Thus, we take into account the differences in daily thermal range choosing among the three Mediterranean climate subtypes four strategic locations: Rome, Naples, Catania and Messina (Tab. 2). The choice of Catania and Messina enables the comparison between optimum and low thermal range on the effect of natural ventilation systems and thermal storage for the warmer summer conditions of subtropical climate. Input data for the simulation derive from the Climatic data of the four cities Climate design data 2009 ASHRAE Report, based on the IGDG of the corresponding weather station for each city.
Fig. 1 Pinna climatic classification for Italian climatic zones. |
Strategic location data.
3.2 Reference simulation building model
In Europe, residential buildings constitute approximately 75% of the building stock and are very high energy consumers, as they were mainly built before any law on energy saving and energy efficiency in the building sector was promulgated [2]. In Italy, the majority of residential buildings were built between 1961 and 1981 [50–52] and they exhibit the highest energy consumption of the building stock, as shown in Figure 2.
Typically, these buildings have the following main features:
-
concrete structure with cladding of hollow brick or concrete/prefabricated concrete blocks or hollow masonry;
-
no thermal insulation before 1976, low level (0.8 W/m2 K) between 1976 and 1991 [53].
Due to its widespread diffusion in both European and national area and its poor energy performances [50], we based the simplified simulation model on this building type. The simulation model is a south and north-facing apartment, 7 m width × 8 m depth, with a height of 3 m, located in a multi-storey building. It has two opposite low-emissivity airtight glass windows of 3.45 m2, in conformity with the hygiene regulations in force in Italy. The thickness of the external concrete massive envelope can vary between two values: 30 cm (model A, heavy) and 18 cm (model B, medium-light). All the remaining surfaces are considered adiabatic.
The thermo-physical properties of the envelope for both models are set according to Table 3: thermal transmittance (U); periodic thermal transmittance (Yie), which evaluates the ability of an opaque wall to phase shift and to reduce the heat flow passing through it in 24 h, according to UNI EN ISO 13786:2008: thermal wave shift (φ), i.e. the time (h) it takes for the heat wave to flow from outside to inside through a material; attenuation factor (Fd), i.e. the ratio between the maximum capacitive flow and the maximum flow of the thermal wall mass; solar heat gain coefficient (SHGC), i.e. the fraction of incident solar radiation that actually enters a building through the entire window assembly as heat gain. Ground floor has an outside boundary condition of 21 °C. Internal gains (lights, people and electric equipment) are set according to a hypothetical residential occupancy pattern as in [10,48,54]. Occupation schedules are modelled according to a typical residential profile of use.
Model envelope thermo physical properties.
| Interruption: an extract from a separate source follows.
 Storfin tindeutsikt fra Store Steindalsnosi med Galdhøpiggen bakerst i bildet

3.3 Performance indicators
During the last two decades, the time spent by people in confined environments has increased, reaching currently around 90% of a person's life. European and national legislation has gradually tightened quality standards on indoor spaces [55], placing indoor environmental comfort (including hygrothermal comfort and indoor air comfort IAQ) as two of the main conditions to assess the outcome of energy refurbishment.
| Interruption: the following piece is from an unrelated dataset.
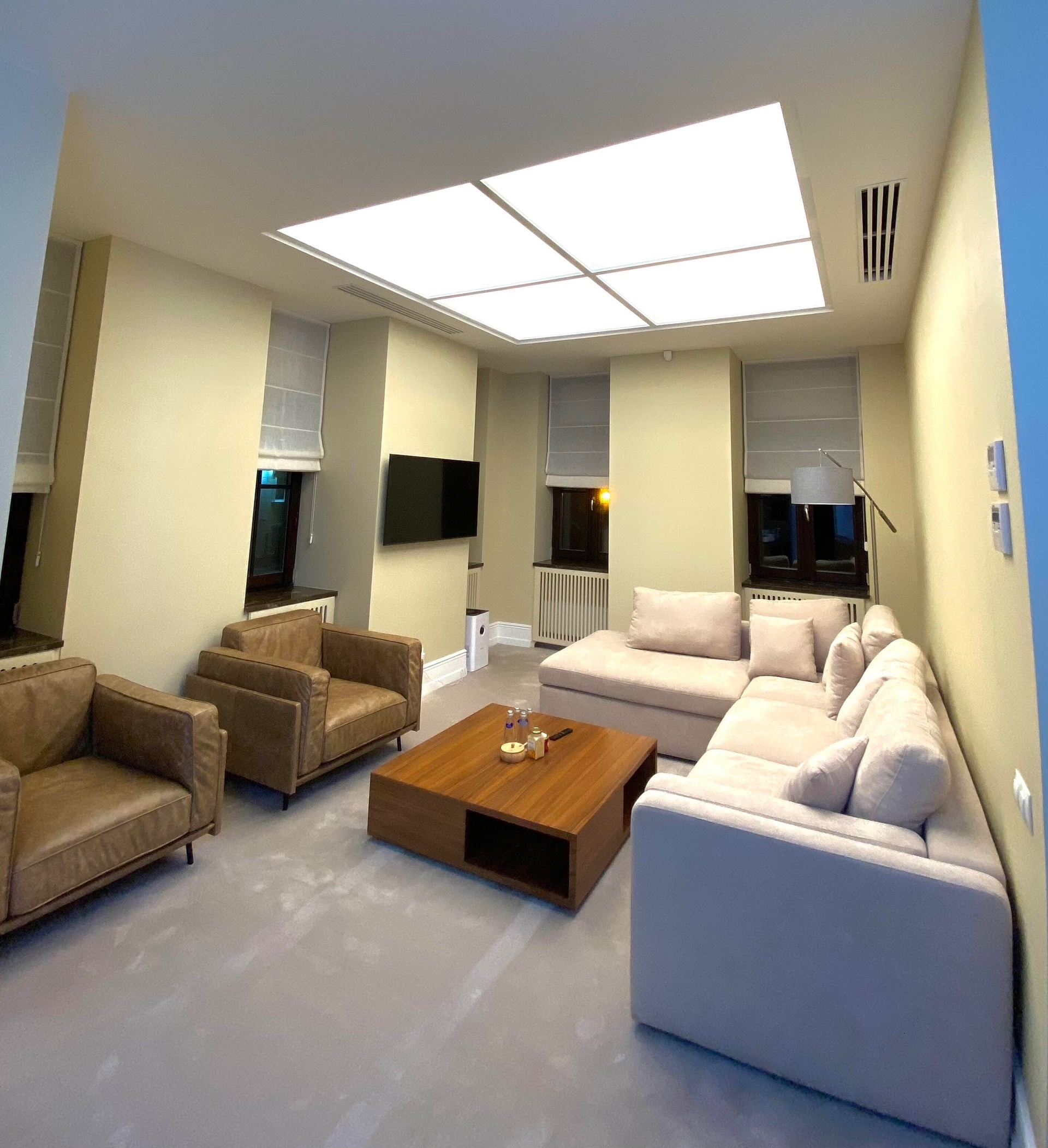 Так же к световому потолку в гостиной можно применить такие функции как:

Following an approach that considers hygrothermal indoor comfort as the goal and energy consumption as the unavoidable cost to achieve this goal, the passive performance of the building is assessed thought a comparison between the energy consumption and the hygrothermal indoor comfort achieved.
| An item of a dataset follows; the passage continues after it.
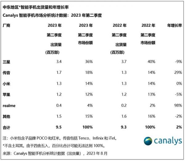 Canalys:Q2中东智能手机市场份额三星、传音、小米分列前三

Since the current study focuses on the relationship between natural ventilation and thermal storage, it is possible to proceed according to the adaptive comfort model defined by EN 15251:2008.
The adaptive model, used to evaluate indoor hygrothermal comfort during summer, is based on the idea that outdoor climate affect indoor comfort and that humans have a natural capacity to adjust to different temperatures during different times of the year, using psychological, physiological and behavioural adaptation strategies. The model applies especially to occupant-controlled, natural conditioned spaces, where outdoor and indoor climate have a strong relationship and where occupants are keener to use conscious or unconscious adaptation strategies, being subsequently more tolerant to a wider range of comfort conditions [56]. The comfort index for the adaptive model is the operative temperature (To), i.e. the uniform temperature of an imaginary black enclosure in which an occupant would exchange the same amount of heat by radiation plus convection as in the actual nonuniform environment. The SCATS survey, performed in five European Countries, has demonstrated the linear correlation between running mean of the daily mean outdoor temperatures and indoor comfort. EN 15251:2008 used the results of SCATS survey to define four categories of To limits for the comfort zone in natural ventilated buildings during summer, according to the occupants' tolerance to indoor comfort conditions: high level of expectation; normal expectation; moderate expectation; values outside the criteria for the above categories. For the current study, we chose the second category, according to whom the comfort zone is equal to To = 0.33 Te + 18.8 °C ± 3 °C, where Te is the external temperature, with 80% acceptability.
To evaluate energy performance of the building, the comfort index is associated to an ideal energy consumption value for cooling (in kWh/m2 y), in order to relate the modelling to professional practice. The considered range for the ideal building plant's setting refers to the adaptive comfort temperature range, larger than Fanger's, in order to better evaluate, without overestimating the impact, the contribution of a passive strategy to the reduction of energy consumption [57].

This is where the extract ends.